Discussions about municipal finance generally assume three absolute conditions. First, the principal and coupon of municipal bonds are guaranteed: "Municipal bonds don't default," according to trusted experts. Second, the guarantees are backed by the taxing authority of the state or municipality. Third, accrued pension benefits are guaranteed.
It is universally believed (and rightly so) that services provided to those who pay taxes are not guaranteed. In this formulation, the taxpayers are the true victims of injudicious and ignorant spending on the part of municipal governments. Federal government mandates, often injudicious and ignorant, are an additional burden.
The rigidity of these categorizations led to poor decisions. Believing in an absolute world, lazy and pusillanimous mayors, legislators, and public union negotiators bid up benefits that cannot be honored. These multi-decade illusions are coming to a head.
Recent government solvency problems in Dubai and Greece raised the American public's conscious of possible bond defaults. This is in the wake of domestic budget problems that have gained attention over the past year.(See AuContrarian.com "articles" section: "The Coming Collapse of the Municipal Bond Market.") The travails of governors and mayors in California, New York and almost every other state have swelled to the point that credit-default swap spreads are wider now for some states than for Greece and Spain.
These relative assessments (of greater default risk among the states than of Greece) are not necessarily correct. The degree to which the spendthrift European Union and the spendthrift Obama Administration shovel money, credit lines and guarantees to prop up the spendthrift municipalities is unknown. It is also unknown, at least to the public, which European banks are on the cusp of failure, at a time when bank customers are moving money to safe havens. Panic could move quickly across the Atlantic when it is recognized how many U.S. banks that Deserve to Fail (DTF) have large exposures to European banks that DTF.

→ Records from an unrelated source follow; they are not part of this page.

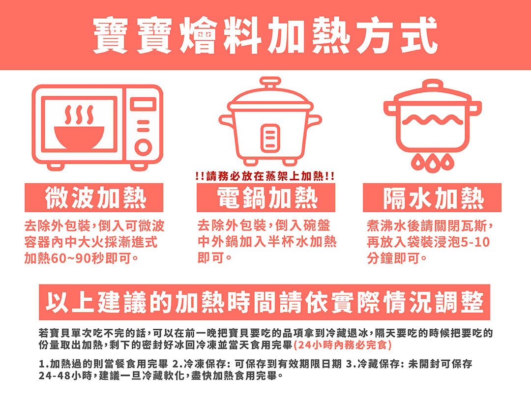 *燴料不含主食,可自行準備主食或選購寶貝米飯、寶貝義大利麵唷。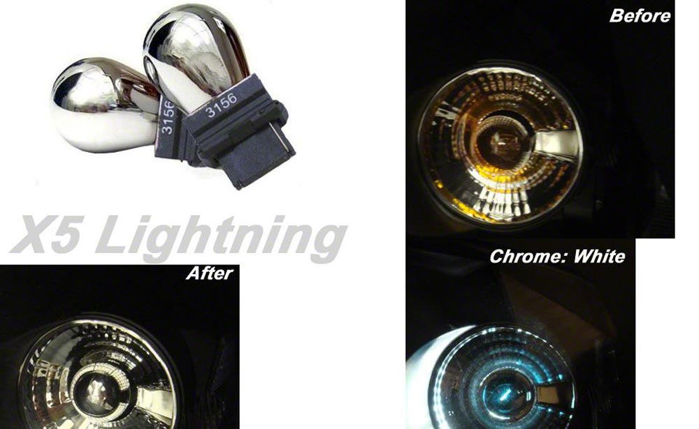 Actually Color of our Light Chrome bulbs Silver (chrome) bulbs take away the ugly orange reflection seen from orange bulbs in crystal headlights and taillights, but still shine bright orange when illuminated allowing you to complete the clean look along with being 100% legal and requiring ZERO wiring modifications!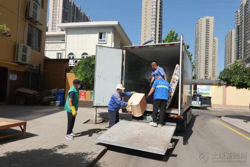 8月2日一早,一輛大件垃圾清運(yùn)車輛開進(jìn)位于晉源區(qū)的義井街道格林花園小區(qū)。工作人員走下車來,合力將廢舊的衣柜、床墊和床架抬上收運(yùn)車。上門收集,及時清運(yùn),曾經(jīng)生活垃圾摻雜在一起、大件垃圾隨意堆放已成歷史。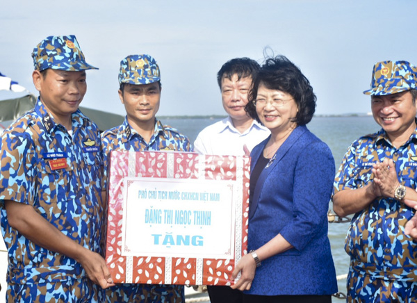 Phó Chủ tịch nước Đặng Thị Ngọc Thịnh trao quà cho các chiến sĩ tàu 383. (Ảnh: Thành Huy)
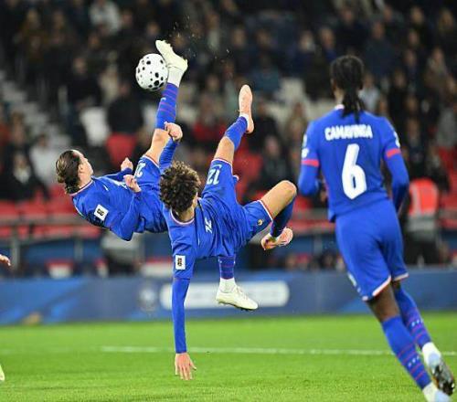 替补姆巴佩出场的托万,在时隔多年回归国家队的第一场比赛立即取得进球,他在禁区前左侧策动进攻,然后在门前接到特奥的传球,冷静调整后半转身凌空抽射破门。托万虽然是2018世界杯冠军队成员,但已经6年没有得到德尚的青睐,他是在巴尔科拉受伤后被临时召入球队的,这次回归堪称完美。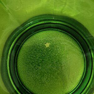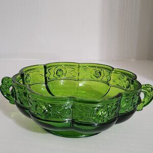 This vintage 1950s Green Jeanette Class Company Bowl has roses embossed and a pretty scalloped rim. Also has two handles. In very nice vintage condition. It has one small speck on the bottom of the bowl, where the green coloring is gone. See my photos. Bowl is 6 and one quarter inches with handles it is 7 and a quarter inches by two and three quarter inches tall. Non smoking pet free home. @ ER Left Box #1
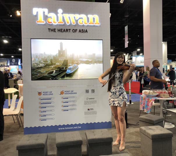 知名台灣音樂家林蘭軒於台灣形象展攤演奏小提琴。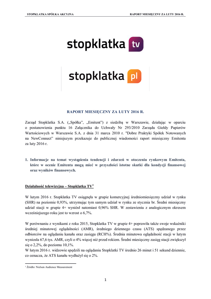 STOPKLATKA SPÓŁKA AKCYJNA RAPORT MIESIĘCZNY ZA LUTY 2016 R. RAPORT MIESIĘCZNY ZA LUTY 2016 R. Zarząd Stopklatka S.A. („Spółka”, „Emitent”) z siedzibą w Warszawie, działając w oparciu o postanowienia punktu 16 Załącznika do Uchwały Nr 293/2010 Zarządu Giełdy Papierów Wartościowych w Warszawie S.A. z dnia 31 marca 2010 r. "Dobre Praktyki Spółek Notowanych na NewConnect” niniejszym przekazuje do publicznej wiadomości raport miesięczny Emitenta za luty 2016 r. 1. Informacje na temat wystąpienia tendencji i zdarzeń w otoczeniu rynkowym Emitenta, które w ocenie Emitenta mogą mieć w przyszłości istotne skutki dla kondycji finansowej oraz wyników finansowych. Działalność telewizyjna – Stopklatka TV1 W lutym 2016 r. Stopklatka TV osiągnęła w grupie komercyjnej średniomiesięczny udział w rynku (SHR) na poziomie 0,93%, utrzymując tym samym udział w rynku ze stycznia br. Średni miesięczny udział stacji w grupie 4+ wyniósł natomiast 0,96% SHR. W zestawieniu z analogicznym okresem wcześniejszego roku jest to wzrost o 6,7%. W porównaniu z wynikami z roku 2015, Stopklatka TV w grupie 4+ poprawiła także swoje wskaźniki średniej minutowej oglądalności (AMR), średniego dziennego czasu (ATS) spędzanego przez odbiorców na oglądaniu kanału oraz zasięgu (RCH%). Średnia minutowa oglądalność stacji w lutym wyniosła 67,6 tys. AMR, czyli o 4% więcej niż przed rokiem. Średni miesięczny zasięg stacji zwiększył się o 2,2%, do poziomu 10,1%. W lutym 2016 r. widzowie spędzili na oglądaniu Stopklatki TV średnio 26 minut i 51 sekund dziennie, co oznacza, że ATS kanału wydłużył się o 2%. 1 Źródło: Nielsen Audience Measurement 1 STOPKLATKA SPÓŁKA AKCYJNA RAPORT MIESIĘCZNY ZA LUTY 2016 R. Stacja cieszy się popularnością wśród ogółu widzów Naziemnej Telewizji Cyfrowej. AMR kanału w tej grupie wyniosła w lutym 42,3 tys. odbiorców. Wynik ten przełożył się na 1,87% udziału w rynku, co w porównaniu z lutym 2015 r. oznacza wzrost o 8,7%. Złożenie wniosku o wprowadzenie instrumentów finansowych do obrotu na rynku NewConnect 24 lutego 2016 r. Spółka złożyła do Zarządu Giełdy Papierów Wartościowych w Warszawie S.A. („GPW”) wniosek o wprowadzenie do obrotu w alternatywnym systemie obrotu organizowanym przez GPW 4 641 304 (słownie: czterech milionów sześciuset czterdziestu jeden tysięcy trzystu czterech) akcji zwykłych na okaziciela serii E. Zmiana warunków koncesji na rozpowszechnianie programu Stopklatka TV 23 lutego 2016 r. Zarząd Emitenta powziął informację o podjęciu przez Przewodniczącego Krajowej Rady Radiofonii i Telewizji („KRRiT”) decyzji o wyrażeniu zgody na wnioskowane przez Spółkę zmiany w koncesji Nr 544/2013-T z dnia 30 października 2013 r. („Koncesja”), udzielonej Stopklatka S.A. na rozpowszechnianie programu telewizyjnego pod nazwą „STOPKLATKA TV” w sposób cyfrowy rozsiewczy naziemny w multipleksie pierwszym. Na mocy niniejszej decyzji od kwietnia 2016 r.: udział filmów fabularnych wynosił będzie min. 53% w tygodniowym czasie nadawania programu; udział filmów dokumentalnych wynosił będzie min. 10% w tygodniowym czasie nadawania programu; wprowadzono nową kategorię audycji – rozrywka – na poziomie min. 5% w tygodniowym czasie nadawania programu; udział audycji powtórkowych wynosił będzie nie więcej niż 30% w tygodniowym czasie nadawania programu. Pozostałe warunki Koncesji pozostają bez zmian. W ocenie Spółki wyżej wskazana zmiana warunków udzielonej Koncesji w stopniu znaczącym podniesie jakość oferowanych programów, a w konsekwencji zwiększy satysfakcję odbiorców kanału Stopklatka TV. Przyczyni się tym samym do wzrostu oglądalności kanału oraz przychodów Emitenta z reklam. Rejestracja zmiany wysokości kapitału zakładowego Stopklatka S.A. oraz zmiany statutu Spółki w związku z emisją akcji serii E 9 lutego 2016 r. Sąd Rejonowy dla m.st. Warszawy, XIII Wydział Gospodarczy Krajowego Rejestru Sądowego dokonał rejestracji zmiany wysokości kapitału zakładowego Emitenta oraz zmiany Statutu 2 STOPKLATKA SPÓŁKA AKCYJNA RAPORT MIESIĘCZNY ZA LUTY 2016 R. Spółki (Rozdział III, Art. 7), wynikających z emisji 4 641 304 akcji serii E Stopklatka S.A. o wartości nominalnej 1,00 zł jedna akcja. Po dokonaniu powyższych zmian kapitał zakładowy Emitenta wynosi 11 171 260,00 zł i dzieli się na: • • • • • • 1 271 000 akcji serii A1, 485 000 akcji serii A2, 193 045 akcji serii B, 326 201 akcji serii C, 4 254 710 akcji serii D, 4 641 304 akcji serii E. Ogólna liczba głosów na walnym zgromadzeniu Stopklatka S.A. wynikająca ze wszystkich wyemitowanych akcji Spółki wynosi 11 171 260.2 Zmiany te zostały wprowadzone na mocy uchwały nr 4 Nadzwyczajnego Walnego Zgromadzenia Stopklatka S.A. z dnia 7 grudnia 2015 r., uchwały nr 1 Zarządu Stopklatka S.A. z dnia 19 stycznia 2016 r. w sprawie dookreślenia wysokości kapitału zakładowego w Statucie Spółki oraz uchwały nr 2 Zarządu Stopklatka S.A. z dnia 19 stycznia 2016 r. w sprawie zmiany Statutu Spółki. Koszty emisji akcji serii E Stopklatka S.A. Na dzień publikacji niniejszego raportu łączne koszty emisji akcji serii E wyniosły 241 318,49 zł., w tym: a) przygotowanie i przeprowadzenie oferty: 96 074,99 zł b) wynagrodzenie subemitentów, oddzielnie dla każdego z nich: 0,00 zł c) sporządzenie publicznego dokumentu informacyjnego lub dokumentu informacyjnego, z uwzględnieniem kosztów doradztwa: 95 000,00 zł, d) opłaty administracyjne na rzecz KDPW, GPW, opłaty notarialne, podatki i inne: 50 243,50 zł. Z uwagi na brak ostatecznego rozliczenia kosztów emisji do dnia przekazania niniejszego raportu, Spółka sporządzi i udostępni w terminie późniejszym do publicznej wiadomości raport bieżący dotyczący ostatecznej wysokości kosztów emisji, w tym kosztów według ich tytułów, po otrzymaniu i zaakceptowaniu wszystkich faktur o

Many municipalities will find themselves in desperate straits if lenders, particularly bond buyers, step away from the market. The tendencies are apparent. (Bloomberg News, July 2, 2010 - "The Metropolitan Transit Authority, which runs New York City's subways, buses and commuter trains, shrank a $555 million taxable bond offering by 16% as it struggled with a deficit and as investors sought to avoid risk.") The National Association of Budget Managers estimates that fiscal year 2010 (which ended June 30, 2010) cash balances have shrunk to 2.2% of expenditures, excluding Alaska and Texas. If the bond market shuts down, city workers may be paid in scrip rather than money, as often happened during the Great Depression.
We should not expect emergency steps to make sense, whether or not the trigger is as described above. Just as at the federal level, the political and financial leadership is mostly the same that created this crisis. A problem that is not understood cannot be solved by those who do not understand it. A battle-scarred veteran of municipal finance boards wrote to me: "During my time on two pension boards, the boards did less as the problems got worse. Board members tend to be town employees caught in the headlights. They are not financially trained, and they tend to believe rather unsophisticated consultants who all say the same thing: 'You can earn your way out in 15 years.' This is not true. Not even compounding can save you when benefits are rising faster than the return on assets. We have yet to begin to seriously attack this problem. The most we have done is 'tried' to initiate cuts of annual percentage increases in benefits." [Lazy and pusillanimous pension consultants deserve notoriety on the list above.]
Having, myself, spent nearly two decades meeting with municipal pension committees, I saw that the incapacity to pay future pensions, already evident in 1988, grew to mathematically insolvable proportions. Most cities and states, as well as the media reports about those entities, are so far short of understanding the depth of this cavern that they are examples of Bernankeism. (Federal Reserve Chairman Ben Bernanke: "U.S. households have been managing their personal finances well." - June 13, 2006)
To remain solvent, bloated pension benefits need to be cut severely. This is not being considered. News stories of public sector pension cuts are mostly aimed at future employees or future service of current employees. There are stories of concessions being made by current retirees that will reduce current benefits, but this is not clear, short of reading the new contracts.
As we enter the sinking-lifeboat period, imagination is constricted. Consumers of municipal services are expected to bear the burden. This assumption will spark revolts. The reduction in public services is already an annoyance. Consistently decreasing non-government income is more than an annoyance. Private income in the U.S., which excludes federal, state and local pay, fell 5.4% from the third quarter of 2008 to April 2010.
There are municipalities where property tax rates have been doubled recently to absorb the deficit. It is at such moments when taxpayers remind municipal boards that all government revenue comes from the taxpayers. Tax strikes in the past, such as in Chicago from 1928 to 1931 and again in 1977, succeeded.
Whatever the future holds, there are two certainties. First, this is another leg in the deleveraging of American credit, which should not be ignored by economists trying to tease a recovery out of the already corrupted and overstated GDP. Second, only seasoned participants should still be holding municipal bonds.